DESDE MI RINCON

Creatividad en burro

Con el semáforo en rojo al final de la vía, algo sobre el carril derecho que desde mi auto no alcanzo a ver, hace que el tráfico se haga lento, al tener que desahogarse en una sola línea una gran cantidad de vehículos.Acostumbrado ya a los pequeños “embotellamientos” que se dan en las horas pico, con premeditada paciencia sintonizo el radio en busca de alguna estación que aligere la demora.“Ser creativo consiste en ver las cosas de manera diferente” dice una voz, agregando luego las ventajas que en la vida genera la creatividad: crecimiento personal y profesional, salud mental,  romper paradigmas, etc. y afirma además que, cada día es mayor la valoración empresarial por la creatividad como rasgo laboral de los empleados.La voz continua mientras a mi mente acude la imagen flotante de unas alas que sostienen la frase: “Proyecto Ícaro”, logotipo con el que una institución andaluza ofrece en Internet un taller que trata sobre el asunto.La multicolor serpiente automotriz avanza y ahora distingo como causa del contratiempo vial, la parte trasera de uno de esos llamados  “carritos de burros”. Adelanto unos metros y sonrío al pensar en la posible confusión de los organizadores del taller, pues no fue el mitológico Ícaro quien poseía el don de la creatividad, sino Dédalo su padre, quien para escapar de Creta, le fabricó unas alas advirtiéndole  que no volara demasiado alto, porque la cera con que estaban pegadas se derretiría con el calor del sol.

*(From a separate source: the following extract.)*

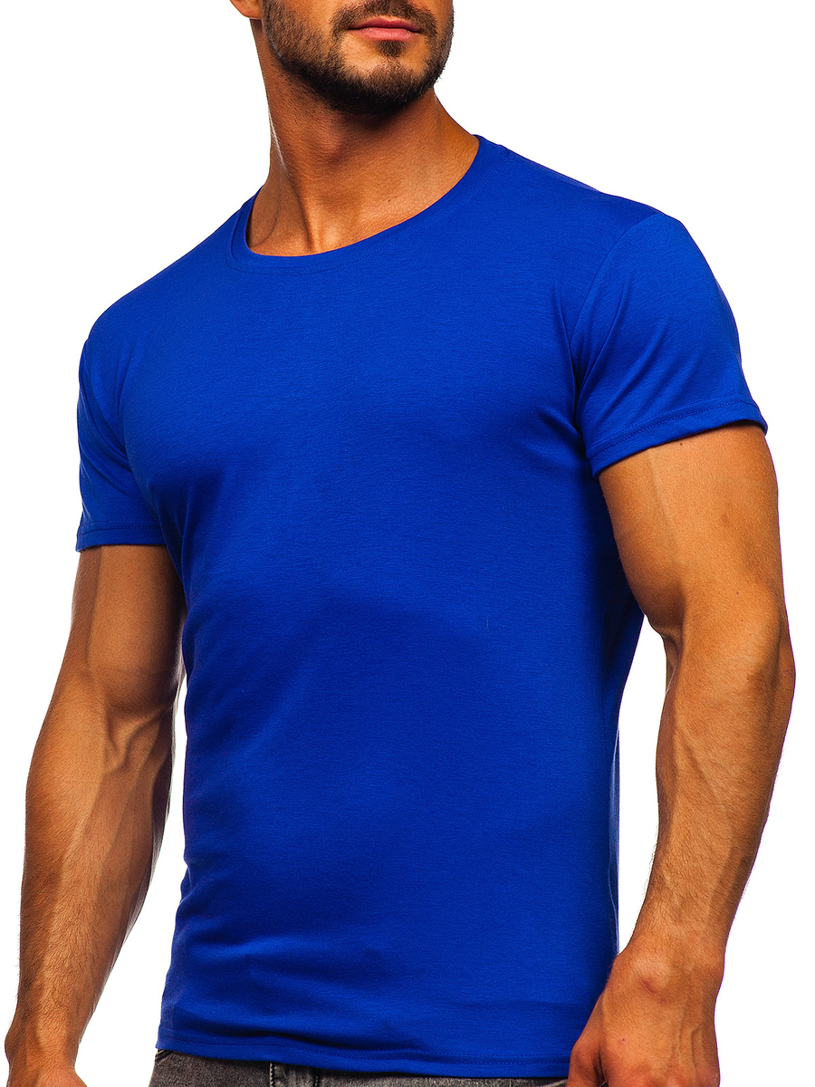 Una camiseta color cobalto de Bolf 2005 tiene un corte y una composición clásicos. Este modelo de camiseta viene en muchos colores sofisticados. Se adapta bien a la figura masculina y abraza muy bien el cuerpo, exponiendo los músculos. Tiene escote redondo rematado con un fino ribete del mismo color. La camiseta básica será una gran base para crear muchos estilos interesantes.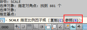 輸入縮放倍數(shù)時,也可以用“R”關鍵字,采用參照方式,先在圖形中指定一段長度,再輸入實際長度即可。

Le ganó la soberbia de volar, e Ícaro  cayó en el Mar Egeo, cerca de la isla griega llamada Icaria.No menoscaba esto el valor que tiene el taller español, ciertamente el mundo esta urgido de creatividad e innovación, solo es deseable que la práctica de dichos atributos redunde en el bienestar de la población en general y no nada más en el bolsillo de unos pocos.Atento a la distancia con el auto delantero, fugazmente alcanzo a ver como todavía conserva sus botones de control, el moderno asiento automotriz  hábilmente   instalado en el carrito de burros. Por el espejo percibo confortablemente sentado en él,  al conductor que grita: ¡buurrro!, al tiempo que azota los cuadriles de un jumento.